The researchers project that, due to the pandemic deaths last year, life expectancy at birth for Americans will shorten by 1.13 years to 77.48 years, according to their study published in the Proceedings of the National Academy of Sciences.

COVID-19 appears to have eliminated many of the gains made in closing the Black-white life expectancy gap since 2006. Latinos, who have consistently experienced lower mortality than whites — a phenomenon known as the “Latino paradox” — would see their more than three-year survival advantage over whites reduced to less than one year.

Of the analyzed deaths for which race and ethnicity have been reported to the National Center for Health Statistics, 21% were Black and 22% Latino.
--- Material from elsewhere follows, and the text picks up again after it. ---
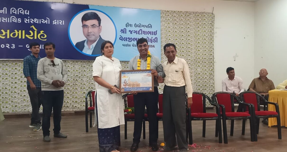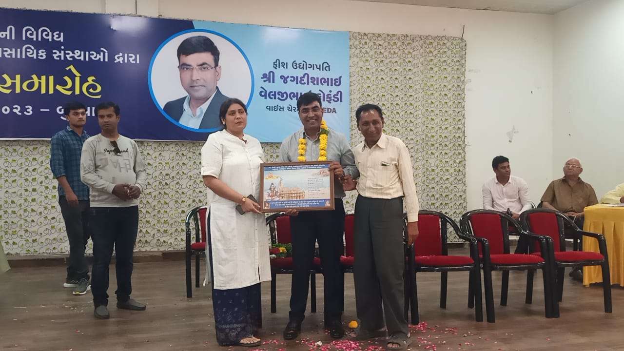 શ્રી જગદીશભાઈ વેલજીભાઈ ફોફંડીએ વેરાવળ શહેર માં અનેક સામાજિક, શૈક્ષણિક, વ્યવસાયિક અને રાજકીય ક્ષત્રે દરેક સમાજને ઉપયોગી થવાના સરળ સ્વભાવ થી વેરાવળનું ગૌરવ વધારેલ હોય અને હાલ તાજેતરમાં ભારત સરકારના વાણિજ્ય વિભાગ હેઠળ કાર્યરત સંસ્થા મરીન પ્રોડક્ટ ડેવલપમેન્ટ ઓથોરિટી (MPEDA) ના વાઇસ ચેરમેન પદે નિમણૂક થતા સમગ્ર ગુજરાત તેમજ ગીર સોમનાથ પંથકની ગરિમા વધારેલ હોય આ તકે વેરાવળ શહેરની વિવિધ સામાજિક, શૈક્ષણિક, વ્યવસાયિક સંસ્થાઓ સ્વ સોની હીરાબેન પ્રભુ દાસ સોની સતીકૂવર મુંબઈ વસઈ સ્થીત રાજેશ્રી મીનાં બેન પંજાબી મીનાં નગી દ્વારા પ્રેરિત પ્રેરણા સેવા સમીતી ના પ્રમુખ શ્રી પાયલ બેન પારેખ અને સોની યોગેશ પી સતીકુંવર રોટરી ક્લબ ઇનનર વ્હીલ ક્લબ પત્રકાર મિત્ર મિતેશ ભાઈ પરમાર નાનજીભાઈ ચાવડા સોની યોગેશ પ્રભુદાસ સતીકુંવર વિશાલ તબોલી શ્યામ ક્ક્કડ દ્વારા પુષ્પ થી સ્વાગત કર્યું હતું તેમજ અન્ય ૮૫ થી વધુ સામાજિક સંસ્થા સમાજ ના પ્રમુખો

Black and Latino Americans have experienced a disproportionate burden of coronavirus infections and deaths, reflecting persistent structural inequalities that heighten risk of exposure to and death from COVID-19.

In the decades before the COVID-19 pandemic, annual improvements in U.S. life expectancy had been small but overall life expectancy had rarely declined. An exception was the annual reduction of 0.1 year for three consecutive years — 2015, 2016, and 2017 — which were attributed in part to increases in so-called “deaths of despair” among middle-aged whites related to drug overdoses, including opioids, as well as alcohol-related liver disease and suicide.

The projected pandemic-related drop in life expectancy is about 10 times as large as the declines seen in recent years.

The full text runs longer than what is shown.